She smiled back. It’d been a great month, maybe the best month of her life. She was teaching, writing jingles, sometimes still playing late at night at the Love Shack. . . when she wasn’t sleeping in Sam’s arms. They stayed at his house sometimes, but more often than not Sam left his place to his father and stayed with Becca in her warehouse apartment.

She loved it.

She loved him.

She loved life.

As a bonus, Jase had just gotten out of rehab. She’d talked to him the day before, and he sounded good, real good. He wasn’t going to go straight back out on the concert rounds but was going to stay with their parents and do some studio work and see how things went.

She was hopeful about that, and as Sam pulled her sunglasses off and kissed her, she realized she was hopeful about a bunch of things.

Thirty minutes later they pulled up to their dock.

Becca had placed an ad in the paper for help at the hut, freeing her up to teach music classes to the rest of the grades in the district.
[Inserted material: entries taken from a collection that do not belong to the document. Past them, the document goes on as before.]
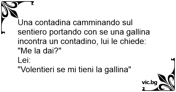 Una contadina camminando sul sentiero portando соn se una gallina incontra un contadino, lui le chiede:
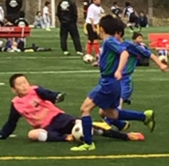 子どもたちのサッカーでございます。(ピンクのキーパーが長男です)
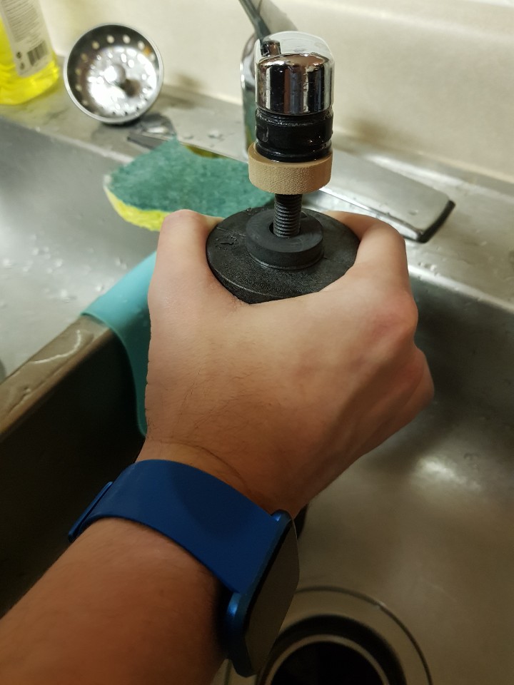 압력을 주는 부품을 위에 올리고 위에서 물을 졸졸 흘려줍니다.

She’d hired someone who was perfect for the job.

“Hey, son.” Mark caught the ropes Sam tossed him and helped tie down the boat.

Becca looked him over carefully. He’d had a rough month health-wise, and they’d had to change up his meds, but he was looking good today at least, and she’d take that. She knew he was happy to be working, and that he loved feeling helpful, and most of the days he was even on time.

“You do it yet?” Mark asked Sam.

“Do what?” Cole wanted to know.

Mark blinked at Cole, then looked at Sam. “I thought you were going to do it today. How did you do it with these clowns with you?”

Sam’s mouth tightened.

“She didn’t like it?” Mark asked. He turned to Becca. “You didn’t like it?”

“Dad, drop it,” Sam said. “Jesus.”

Becca grabbed her small backpack and the tin of ranch-flavored popcorn Sam had given her that morning as she’d boarded. Clutching all her stuff, she stepped off the boat. “Like what?” she asked Mark.

He tapped on the tin.

“Oh, I love it when he buys me the popcorn,” she said. “I just didn’t get a chance to eat any yet. Sam distracted me every time I tried.”

Sam looked pained.

Becca stared at him, wondering what the odd tremor in her belly was. She couldn’t help but feel like she was missing something.

Something big.

Mark looked at Sam and laughed. “You poor, dumb bastard. I almost feel sorry for you.”

Sam scrubbed a hand over his face and let out a sigh.

Becca set her backpack down and opened the tin.


“Becca,” Sam said, and reached for the tin.

She shoved a handful in her mouth, and the delicious flavor exploded against her taste buds. Cole reached into the tin as well, but she smacked his hand away. “Mine.”

“Man, never get between a woman and her popcorn,” Tanner told Cole.

Becca shoved down another few bites, leaving enough room to push the popcorn aside. At the bottom was a little velvet black box, dusted with popcorn crumbs. She stopped breathing.

“I knew you’d get hungry enough eventually,” Sam said. “I was just trying to avoid a crowd when it happened.” He leveled the guys with a look. “I should’ve known better.”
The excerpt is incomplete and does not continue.